Wat zijn zes factoren die van invloed zijn op de biobeschikbaarheid van vitaminen?
- De individuele behoefte (hoe hoger de behoefte, hoe meer iemand opneemt)
- Efficiente vertering
- Andere componenten van de voeding die opname kunnen bevorderen of belemmeren
- De bereiding van de voeding (bijvoorbeeld verhitting of vermaling)
- Competitie
- Ziekte
Wat is het verschil in absorptie tussen wateroplosbare en vetoplosbare vitaminen?
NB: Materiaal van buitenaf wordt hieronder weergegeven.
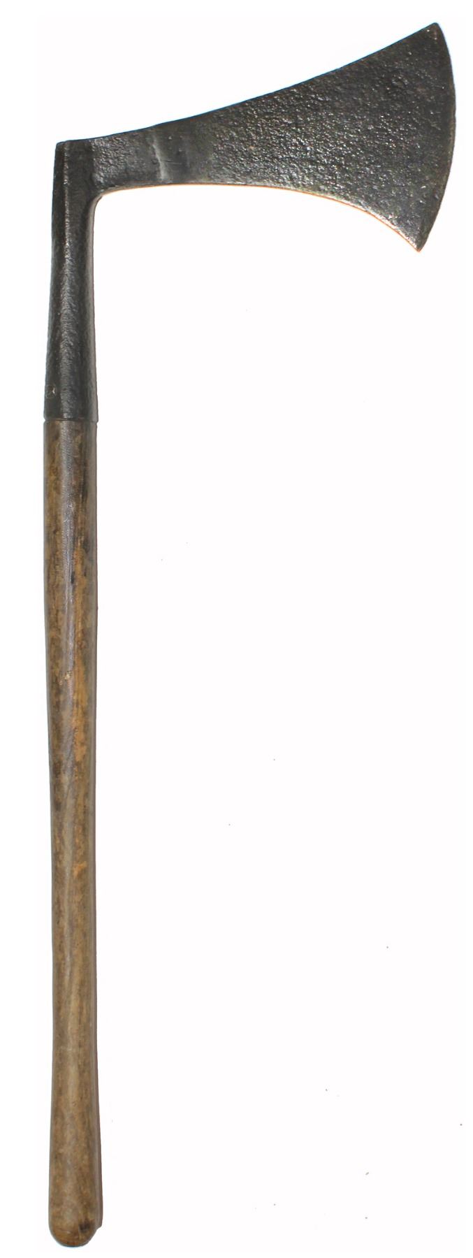 European felling axe, 1700s. 1750 grams, 30-12" overall length with 6-12" x 11-1/4" blade. Distinctively long blade (basically a treecutter's tool but also used for beheading), with pitted but stable and solid surface, aged (but not original) wooden handle. With photo-certificate.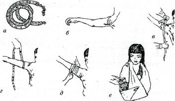 Рис. 4. Этапы наложения артериального жгута (а-е)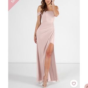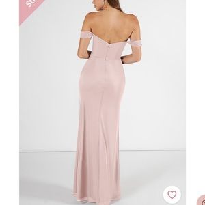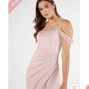 Dress your friends in style for your big day in our mesh dress, Kit. Her off-the-shoulder neckline has delicate pleated sleeves. Her mermaid skirt features beautiful pleating that hides a front side slit. We have added removable spaghetti straps to give you the option to feel more comfortable and secure throughout the day.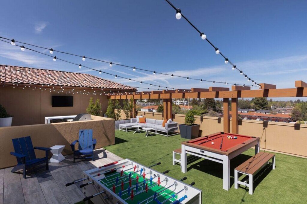Welcome to Murphy Station, Sunnyvale’s newest rental community featuring cutting-edge design and amenities. Located in the heart of Silicon Valley, this apartment offers proximity to all the action, with Apple Park less than a mile away. Enjoy retail shopping next door, fine dining nearby, and an endless array of parks and trails. VTA bus transportation is conveniently on site, making discoveries endless. This apartment boasts a resort-inspired luxury pool, a rooftop skyline terrace with a kitchen and fireplace for entertainment, a business center with workstations, outdoor lounge seating areas, and a state-of-the-art fitness center. Multiple grilling stations, an outdoor fireplace/firepit, air conditioning, and a smart TV are also included. Free parking is available for residents. A pack-n-play can be provided for an additional fee of $150, subject to location and availability. Situated in the vibrant heart of Silicon Valley, Murphy Station is surrounded by local attractions such as Golfland USA, Las Palmas Park, Sunnyvale Heritage Park Museum, and the Sunnyvale Public Library. Explore Baylands Park, Murphy Avenue's vibrant downtown area, The Lace Museum, Levi's Stadium, California's Great America, and the Winchester Mystery House, all within easy reach. Smoking is prohibited in the unit and on the balcony, with a $200 fine plus cleaning costs for violations. Quiet hours are observed from 9 pm to 8 am, with a $200 fine for violations. NoiseWare technology may be used to ensure guest comfort and security, and tampering with the device will result in a $200 fine. No parties or events are allowed, with fines ranging from $200 to $500 for violations. Pets are not allowed. A State Identification Card or Driver's License copy will be requested upon booking, and the traveler must be at least 21 years old to make a reservation. Streaming services are available with guests' own accounts, and customer support is available 24/7. [SI]

Water: gaan direct naar het bloed
Vet: worden verpakt in chylomicronen en gaan via de lymfe en de lever naar het bloed
Wat is het verschil in transport tussen wateroplosbare en vetoplosbare vitaminen?
Water: vrij transport
Vet: alleen transport met behulp van transporteiwitten
Wat is het verschil in opslag in het lichaam tussen wateroplosbare en vetoplosbare vitaminen?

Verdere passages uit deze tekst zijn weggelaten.